Autour du rose d'enfer des animaux

Collage autour du téléthâtre cosmique «rose enfer des animaux»(1958) de Claude gauvreau

Le projet AREA est né d’une recherche-création sur la dramaturgie plurielle pilotée par Robert Faguy au LANTISS (FRQSC : 2014-2018). En mars 2018, le collectif DTT a pris en charge le projet avec une première proposition devant public dans le cadre du FTUL, puis en mai avec une résidence de création au Carrefour international de théâtre de Québec (Studio d’essai de Méduse). Les nombreux commentaires positifs des spectateurs présents (lire la critique d’Alain-Martin Richard – revue JEU) nous incitent à poursuivre l’aventure en le menant à un standard de diffusion professionnelle. Enfin, en septembre 2019, nous avons présenté une nouvelle étape du laboratoire à PHOS. 

TEXTE ORIGINAL

Le rose enfer des animaux est une œuvre écrite pour la télévision par Claude Gauvreau (1958). Ce « téléthéâtre cosmique » de facture résolument surréaliste fait valoir la langue exploréenne du poète. Prenant le prétexte d’une invitation à un grand banquet, plusieurs personnages-animaux sont invités par Domitien d’Olmansay à festoyer dans une orgie de poésie, de références artistiques, d’images incroyables, bref, un magnifique délire de l’imaginaire. L’originalité de l’écriture visuelle vient du fait que toutes les images sont filmées à travers les yeux et le point de vue de l’hôte du repas. Pour un aperçu des enjeux dramaturgiques et de ces délirantes didascalies qui rendent l’œuvre pratiquement immontable, vous pouvez consulter le site web www.dramaturgieplurielle.com (onglet AREA).

CONCEPT

Inspirée de ce téléthéâtre cosmique, Autour du Rose Enfer des Animaux (AREA) est une création installative et interactive qui invite le spectateur à prendre part à un banquet technologique surréaliste : robotique, video mapping, caméra live et câbles motorisés se déploient au service d’une expérience déjantée qui joue avec les perceptions.

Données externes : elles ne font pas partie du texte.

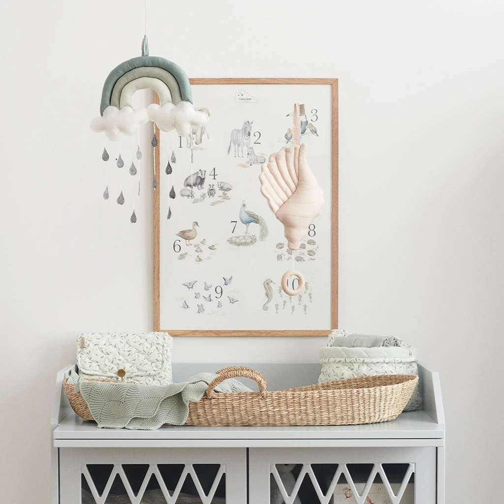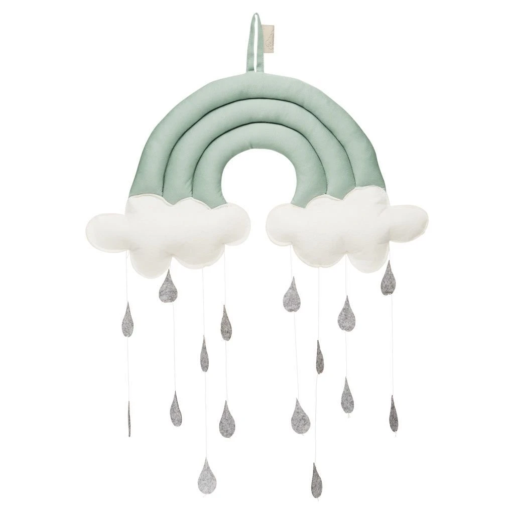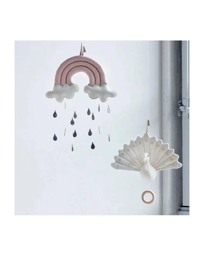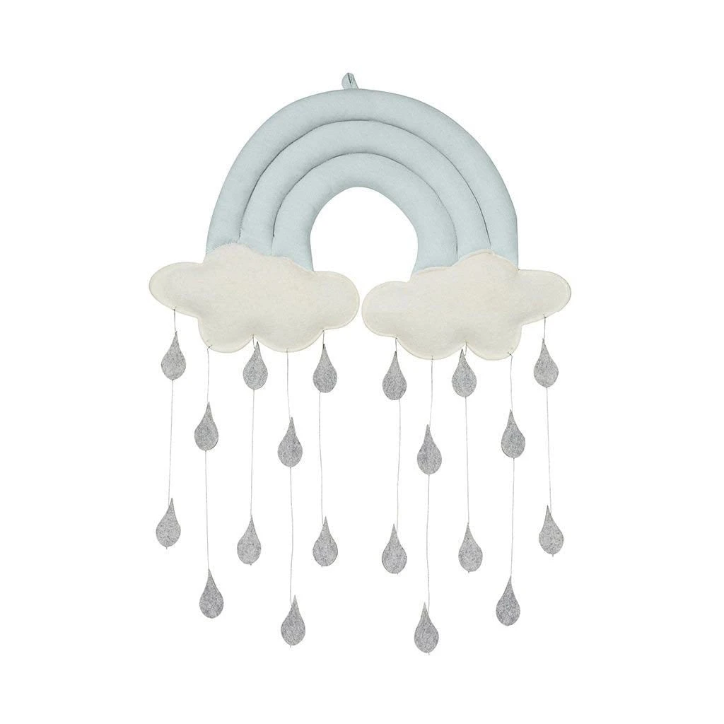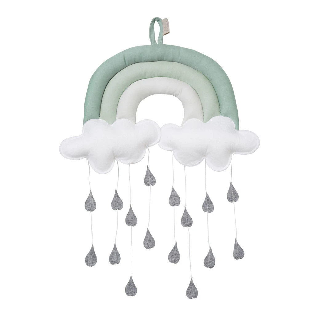 The rainbow creates a dreamy universe, and the gentle movements of the cute raindrops in the air will entertain your baby. The stripes make the mobile imitate a real rainbow in a poetic and simplistic manner.

Avec l’usage des technologies numériques, il est maintenant imaginable de représenter en spectacle ces séquences où, par exemple, « Ernest […] sort un squelette de la muraille lequel devient un corps gelé – puis un monsieur souriant qui tend sa carte d’invitation. » Il nous semble que l’expérience mériterait d’être vécue pleinement comme une sorte d’installation performative où les huit spectateurs masqués assis à la table jouent le rôle de chacun des protagonistes-animaux invités au repas (chamelle, zébu, moufette…). Quant à l’hôte (Domitien, un gorille), son rôle est tenu par une marionnette robotisée qui tourne la tête vers les personnages à qui il s’adresse (une caméra miniature se trouve dans un œil et un projecteur dans l’autre).

TRIPLE EXPÉRIENCE DU SPECTATEUR

Dans AREA, chaque public prend part à une expérience spectatorielle différente et le dispositif le dialogue et les interactions entre ces expériences. À noter que la description suivante du projet concerne non pas le projet en l’état actuel, mais notre vision de la version finale du spectacle, qui reste à développer.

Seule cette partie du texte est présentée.